6. The data processing method of claim 5, wherein after the step of invoking an idle write thread to fetch data to be stored in the store queue, further comprising:

judging whether the storage queue has data to be stored or not;

if the data to be stored exists in the storage queue, returning to execute the step of calling an idle write thread from a thread pool to take out the data to be stored in the storage queue;

continuing to execute the step of carrying out structuralization processing on the data to be stored taken out by the write thread to obtain target data to be stored;

and continuing to execute the step of storing the data to be stored in the index corresponding to the time dimension when the data volume of the target data to be stored reaches a preset number.

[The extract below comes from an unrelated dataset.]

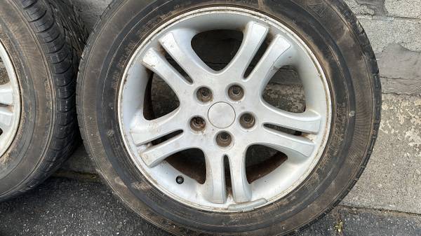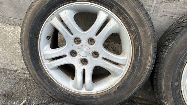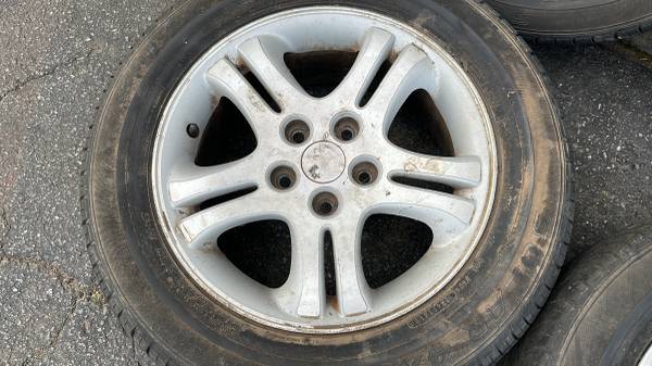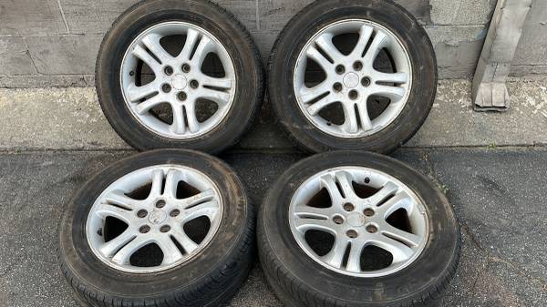 This is four 16x7 inch aluminum rims originally from a 1998 Dodge Intrepid car. The lug pattern is 5 on 115mm. They should fit on Chrysler 200 and Sebring cars as well as Dodge Avenger and caliber. They might also fit mopar minivans including caravan, town and country, or voyager. The rims are in good shape. They have a few dings and scratches, but they are not bent or cracked. The tires are old and need to be changed, but they are holding air.

7. The data processing method according to any one of claims 1 to 6, wherein the step of respectively obtaining the query threads corresponding to the respective query conditions and respectively obtaining the target data corresponding to the respective query conditions from the data repository through the query threads comprises:

determining a query index matched with each query condition, and acquiring a query thread corresponding to the query index;

and respectively acquiring target data corresponding to each query condition from the data storage library according to each query thread.

8. A data processing apparatus, characterized in that the data processing apparatus comprises:

the receiving module is used for receiving a data query request sent by a client and determining at least one query condition corresponding to the data query request;

the acquisition module is used for respectively acquiring the query threads corresponding to the query conditions and respectively acquiring the target query data corresponding to the query conditions from the data repository through the query threads;

and the aggregation module is used for performing aggregation classification on at least one target query data to obtain a query result corresponding to the data query request.

9. A data processing device comprising a processor, a memory and a data processing program stored in the memory, which data processing program, when executed by the processor, carries out the steps of the data processing method according to any one of claims 1 to 7.

10. A computer storage medium, having stored thereon a data processing program which, when executed by a processor, implements the steps of the data processing method according to any one of claims 1 to 7.